There are other more complex solutions that involve changing the lens barrel design with
types of baffles. Stray light reduction methods could be catagorized as specular vs. diffuse.
Specular solutions of trapping the light into more bounces can be more effective and more
resistant to contamination. However they can also be more complex, and have tighter
tolerances.
If the entire interior of the barrel were threaded, this would effectively increase the surface
area and act as a series of light traps. Thus there would be more black area to absorb the light.
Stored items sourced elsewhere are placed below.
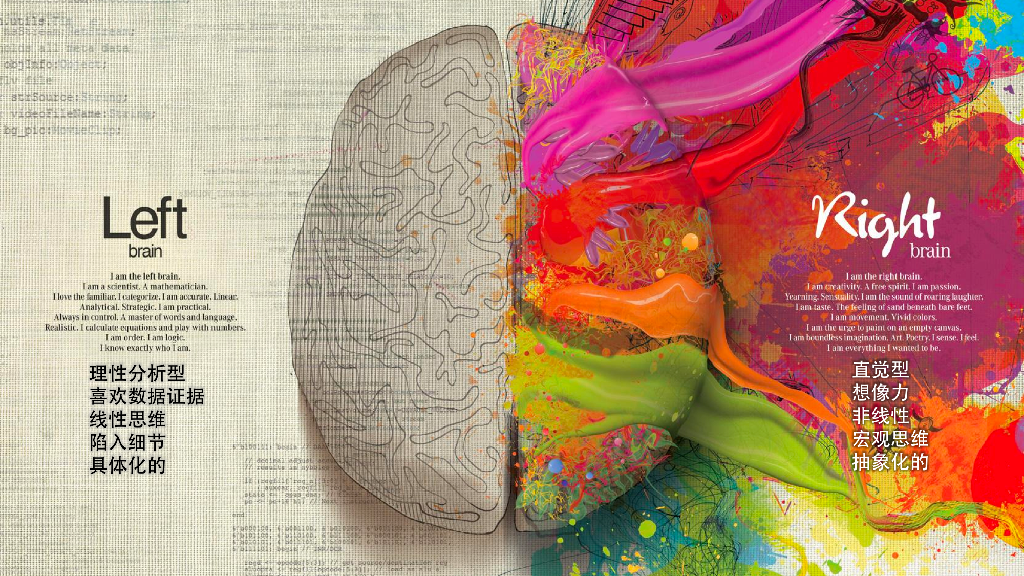 程序编程范式。一个是左脑,一个右脑。我们程序员基本上是在用左脑,左脑是理性分析,喜欢数据证据,线性思维,陷入细节,具体化的,不抽象。但是实际上玩儿出这些东西的都在右脑,函数式,还有像逻辑式的抽象能力都在右脑。所以我们非线性的想象力都在这边,而标准化教育把我们这边已经全部干掉了,我们只剩左边。我们陷入细节,我一说 Java 是最好的程序设计语言,一堆人就来了,找各种各样的细节问题跟你纠缠。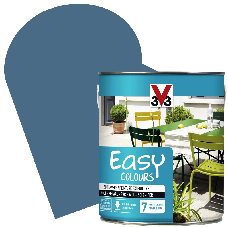 La peinture extérieure Easy Colours de la marque V33 est destinée à la décoration ou à la restauration facile des châssis de fenêtres, des volets, des portails, des grilles, ainsi que du mobilier de jardin.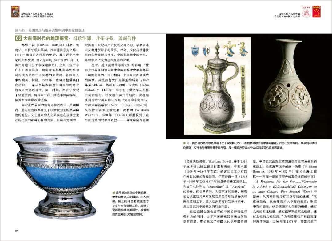 当时,受《曼德维尔游记》的影响,“世界上没有任何地方能像中国那样激发早期都铎王朝的想象力,他们相信,中国是亚洲最强大的国家,其统治者大汗是挪亚的后裔”:1497年至1499年,热那亚人约翰·卡波特奉亨利七世之命从英格兰向西航行,寻找通往契丹的航路,误将船队到达的北美东岸认为是“契丹的东海岸”;牛津大学新学院从坎特伯雷大主教威廉·沃勒姆那里收到了最早抵达英国的中国瓷器——一件龙泉窑青瓷碗,并于1516年左右镶以镀金银质衬里和底座;亨利八世的宫廷里至少有四件来自远东的陶瓷器物;伊丽莎白一世1574年的盘子和珠宝清单上,列出了七件称为“pursseline”或“purselyn”的瓷器。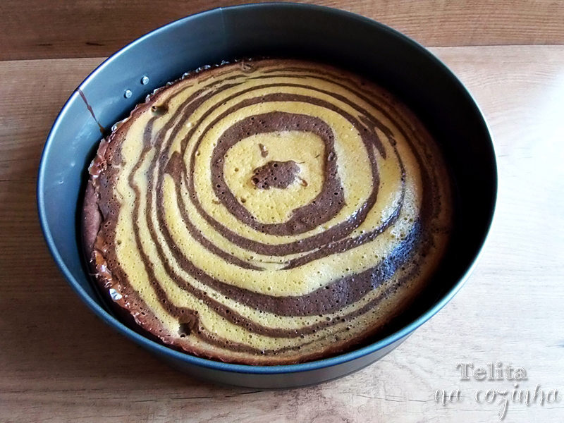 Para obter o efeito zebra, deverá ir colocando uma colher de sopa alternada de massa simples e, por cima, outra colher de sopa de massa com cacau até terminar.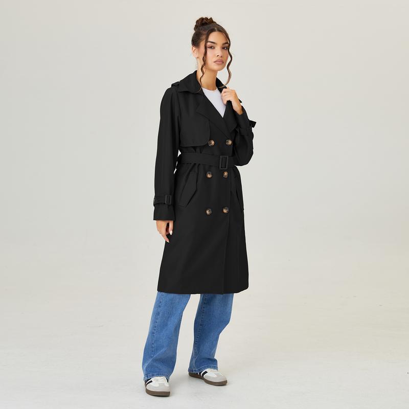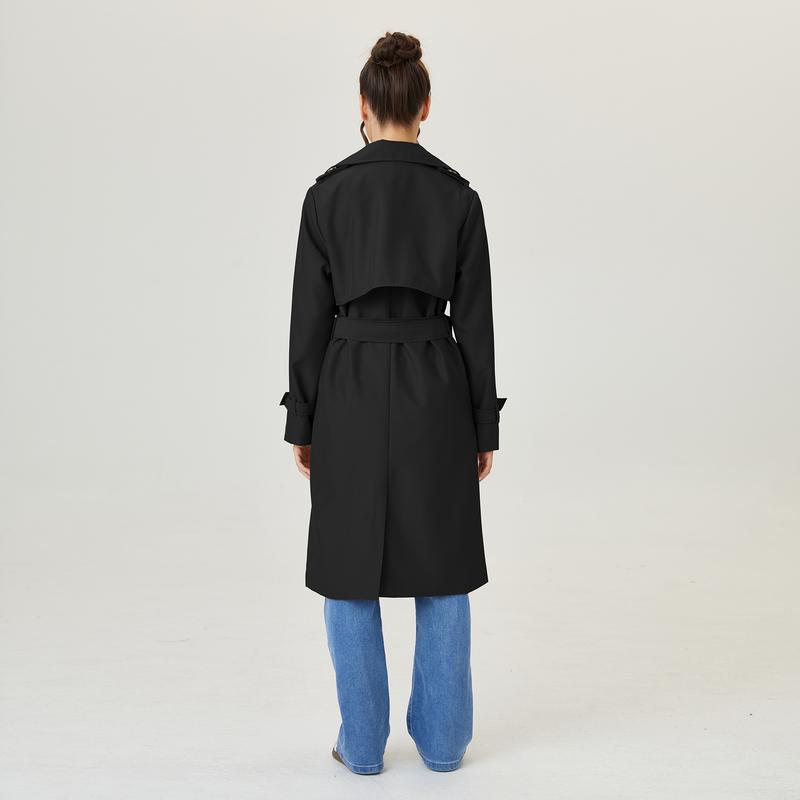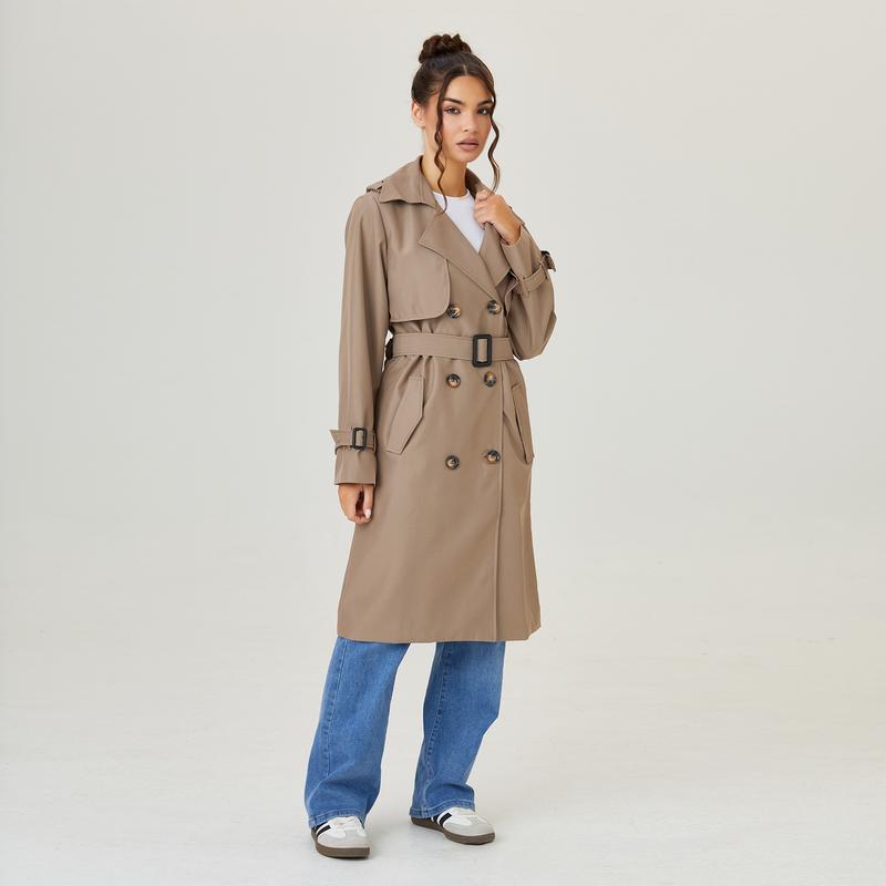 ·Details: Notch lapel, Long sleeves, Double-breasted, Removable belt with buckle, Lining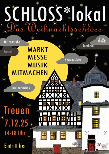 Im denkmalgeschützten Ambiente des 400 Jahre alten Treuener Fachwerkschlosses lädt der Förderverein ein zum zusammenkommen, zum hutzen, genießen, mitmachen. Lokale Händler, Handwerker, Künstler bieten den Besuchern schöne Dinge zum schauen und kaufen. Es gibt Gelegenheit zum Geschichten hören, zum Schätze suchen, zum über-die-Schulter-schauen, zum Geschenke basteln, Preise zu gewinnen und zu vielem mehr. Umrahmt wird der gemütliche Nachmittag von Livemusik und einem Angebot an Speisen und Getränke.

A similar effect would be to include baffles. These baffles could be basic rings placed along
the length of the barrel that trap light. However, this would require changing the initial
design. The nice thing about using diffuse black surfaces is that we are not adding any parts;
the drawing would still look the same except for the note about surface properties.
Scatter metric - BRDF
The most complete metric of scatter is the Bi-directional Reflectance Distribution Function
(BRDF). The nomenclature can be credited to Nicodemus in 1977 [2]. BRDF is the ratio of
the scattered radiance (L~W/cm2 sr) to the incident irradiance (E~W/cm2). It can be thought
of as reflectance per solid angle. It is a function of the incident angle and scatter angle. It is
similar to intensity (W/sr) except the numerator is just reflectance, which is a unitless number
from 0 to 1. For a specular mirror, the reflectance is near 1 at the specular angle and the beam
has a very small solid angle (much less than 1). Thus, at the specular angle the BRDF can be
very high (1e5-1e6). For the same surface, the BRDF at angles away from the specular angle
can be very low (1e-3-1e-4). But for a diffuse surface the BRDF is somewhat constant over
angle.
A very diffuse surface, where there is no increase in power at the specular angle is known as a
lambertian surface. Thus the scattered power falls off only as the cosine of the angle. This is
because the apparent size of the beam footprint on the surface falls of as a cosine of the angle.
The BRDF of a lambertian surface is constant at 1/π. This is shown in Appendix A.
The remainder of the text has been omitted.